After the shaking, the scientists tested the bees’ decision making. They presented them with a task that required them to discriminate between various odors they had previously been exposed to. In those prior exposures, the bees had learned which odors signaled a pleasant treat (a sucrose solution) and which denoted an unpleasant liquid (quinine). Now, after being shaken, each bee was again presented with fluids to sample. The bees were put in a position in which they could choose, based on the odor associations they had learned earlier, whether to drink each sample or pass it up.
But these post-shaking samples were not purely pleasant or unpleasant; they were two-to-one mixtures, either predominantly pleasant sucrose or mostly the unpleasant quinine. The two-to-one sucrose-quinine mixture was still pleasant to the bees, and the two-to-one quinine-sucrose still unpleasant, but now the odors were ambiguous. A bee, when presented with each mixed sample, had to decide whether the ambiguous smell signaled a pleasant treat or an unpleasant surprise.
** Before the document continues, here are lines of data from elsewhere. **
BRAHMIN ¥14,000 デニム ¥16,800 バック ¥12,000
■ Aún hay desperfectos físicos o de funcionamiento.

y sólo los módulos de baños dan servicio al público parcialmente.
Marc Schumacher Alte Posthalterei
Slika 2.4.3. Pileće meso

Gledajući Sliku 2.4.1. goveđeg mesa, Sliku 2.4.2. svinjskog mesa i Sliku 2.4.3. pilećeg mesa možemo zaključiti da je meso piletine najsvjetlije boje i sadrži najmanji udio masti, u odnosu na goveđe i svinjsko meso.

The scientists were interested in the question, would the prior shaking affect the bees’ assessments of the odors, and if so, how?
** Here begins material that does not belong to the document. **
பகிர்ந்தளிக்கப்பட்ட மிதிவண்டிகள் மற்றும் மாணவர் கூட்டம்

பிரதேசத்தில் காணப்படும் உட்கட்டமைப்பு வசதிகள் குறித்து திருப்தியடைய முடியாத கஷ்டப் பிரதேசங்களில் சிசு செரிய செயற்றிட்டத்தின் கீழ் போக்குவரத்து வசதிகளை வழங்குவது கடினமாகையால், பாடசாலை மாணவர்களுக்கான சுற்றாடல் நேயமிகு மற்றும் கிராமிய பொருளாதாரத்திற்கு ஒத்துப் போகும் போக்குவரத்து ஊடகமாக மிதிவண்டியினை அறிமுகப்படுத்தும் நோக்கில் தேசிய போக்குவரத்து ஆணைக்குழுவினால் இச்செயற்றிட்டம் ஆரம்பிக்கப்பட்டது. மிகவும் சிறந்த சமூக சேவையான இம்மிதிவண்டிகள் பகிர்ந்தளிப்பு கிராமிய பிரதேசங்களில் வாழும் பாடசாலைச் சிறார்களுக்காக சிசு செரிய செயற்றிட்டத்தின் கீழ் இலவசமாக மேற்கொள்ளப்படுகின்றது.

Anxiety in bees, as in humans, is a reaction to what affective neuroscientists call a “punishing” environment. In the case of the Enterprise and the bees, that needs no explanation, but more generally it means a circumstance in which a threat to comfort or survival might reasonably be expected.
Thinking in an anxious state, scientists have found, leads to a pessimistic cognitive bias; when an anxious brain processes ambiguous information, it tends to choose the more pessimistic from among the likely interpretations. Your brain becomes overactive in perceiving threats and tends to predict dire outcomes when faced with uncertainty. It’s easy to understand why brains might be designed that way; being in a punishing environment, one would be wise to interpret ambiguous data as being more threatening, or less desirable, than one might if the surroundings were safe and pleasant.
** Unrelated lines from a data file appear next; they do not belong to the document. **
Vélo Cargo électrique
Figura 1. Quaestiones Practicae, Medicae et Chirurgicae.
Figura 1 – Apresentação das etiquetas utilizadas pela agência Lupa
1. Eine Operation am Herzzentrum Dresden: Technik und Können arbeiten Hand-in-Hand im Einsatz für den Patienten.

That pessimistic bias in judgment is just what the scientists found. The shaken bees passed up the two-to-one sucrose-quinine solution significantly more often than a control group that had not been shaken: the shaking had influenced the bees to interpret the ambiguous smell as signaling an undesirable liquid. One might be tempted to describe the scientists’ result by saying that the shaken bees made more “mistakes” than the control group. That would fit the “emotions impede good decision making” narrative, but this controlled experiment makes it clear that what was really going on was a reasonable threat-justified shift in the bees’ judgment.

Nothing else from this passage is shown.